Art.6º o Princípio da OPORTUNIDADE refere-se, simultaneamente, à tempestividade e à integridade do registro do patrimônio e das suas mutações, determinando que este seja feito de imediato e com extensão correta, independentemente das causas que se originaram.


§ único. Como resultado da observância do Princípio da oportunidade:
I – desde que tecnicamente estimável, o registro das variações patrimoniais deve ser feito mesmo na hipótese de somente existir razoável certeza de sua ocorrência;
II – o registro compreende os elementos quantitativos e qualitativos, contemplando os aspectos físicos e monetários.
III – o registro deve ensejar o reconhecimento universal das variações ocorridas no patrimônio da ENTIDADE, em um período de tempo determinado, base necessária para gerar informações úteis ao processo decisório da gestão.

1.6.4 - O PRINCIPIO DO REGISTRO PELO VALOR ORIGINAL

Art.7º Os componentes do patrimônio devem ser registrados pelos valores originais das transações com o mundo exterior, expressos a valor presente no moeda do País, que serão mantidos na avaliação das variações patrimoniais posteriores, inclusive quando configurarem agregações ou decomposições no interior da ENTIDADE.


§ único. Do Princípio dos REGISTRO PELO VALOR ORIGINAL resulta:

I – a avaliação dos componentes patrimoniais deve ser feita com base nos valores de entrada , considerando-se como tais os resultantes do consenso com os agentes externos ou da imposição destes;


II – uma vez integrado no patrimônio, o bem, direito ou obrigação não poderão ter alterados seus valores intrínsecos, admitindo-se, tão-somente, sua decomposição em elementos e/ou sua agregação, parcial ou integral, a outros elementos patrimoniais;
III – O valor original será mantido enquanto o componente permanecer como parte do patrimônio, inclusive quando da saída deste;
IV – os Princípios da ATUALIZAÇÃO MONETÁRIA e do REGISTRO PELO VALOR ORIGINAL S”ao compatíveis entre si e complementares, dado que o primeiro apenas atualiza e mantém atualizado o valor e entrada;
V – o uso da moeda do País na tradução do valor dos componentes patrimoniais constitui imperativo de homogeneização quantitativa dos mesmos.

1.6.5 - O PRINCIPIO DA ATUALIZAÇÃO MONETÁRIA

Art. 8º - Os efeitos da alteração do poder aquisitivo da moeda nacional devem ser reconhecidos nos registros contábeis através do ajustamento da expressão formal dos valores dos componentes patrimoniais.

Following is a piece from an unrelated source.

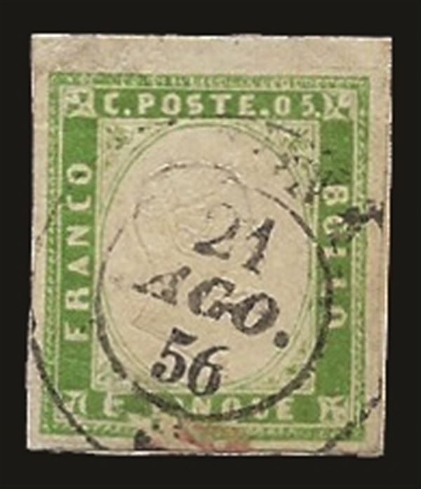 5 cent verde giallo (13a) usato - minima imperfezione ma di ottimo aspetto e bordo di foglio in alto - cert. Bottacchi

§ único. São resultantes da adoção do Princípio da ATUALIZAÇÃO MONETÁRIA;
I – a moeda, embora aceita universalmente como medida de valor, não representa unidade constante em termos do poder aquisitivo;
II – para que a avaliação do patrimônio possa manter os valores das transações originais (art.7º), é necessário atualizar sua expressão formal em moeda nacional, a fim de que permaneçam substantivamente corretos os valores dos componentes patrimoniais e, por conseqüência, do patrimônio liquido;

III – a atualização monetária não representa nova avaliação, mas tão-somente, o ajustamento dos valores originais para determinada data, mediante a aplicação de indexadores, ou outros elementos aptos a traduzir a variação do poder aquisitivo da moeda nacional em um dado período.



1.6.6 - O PRINCIPIO DA COMPETÊNCIA

Art.9º As receitas e as despesas devem ser incluídas na apuração do resultado do período em que ocorrerem, sempre simultaneamente quando se correlacionarem, independente de recebimento ou pagamento.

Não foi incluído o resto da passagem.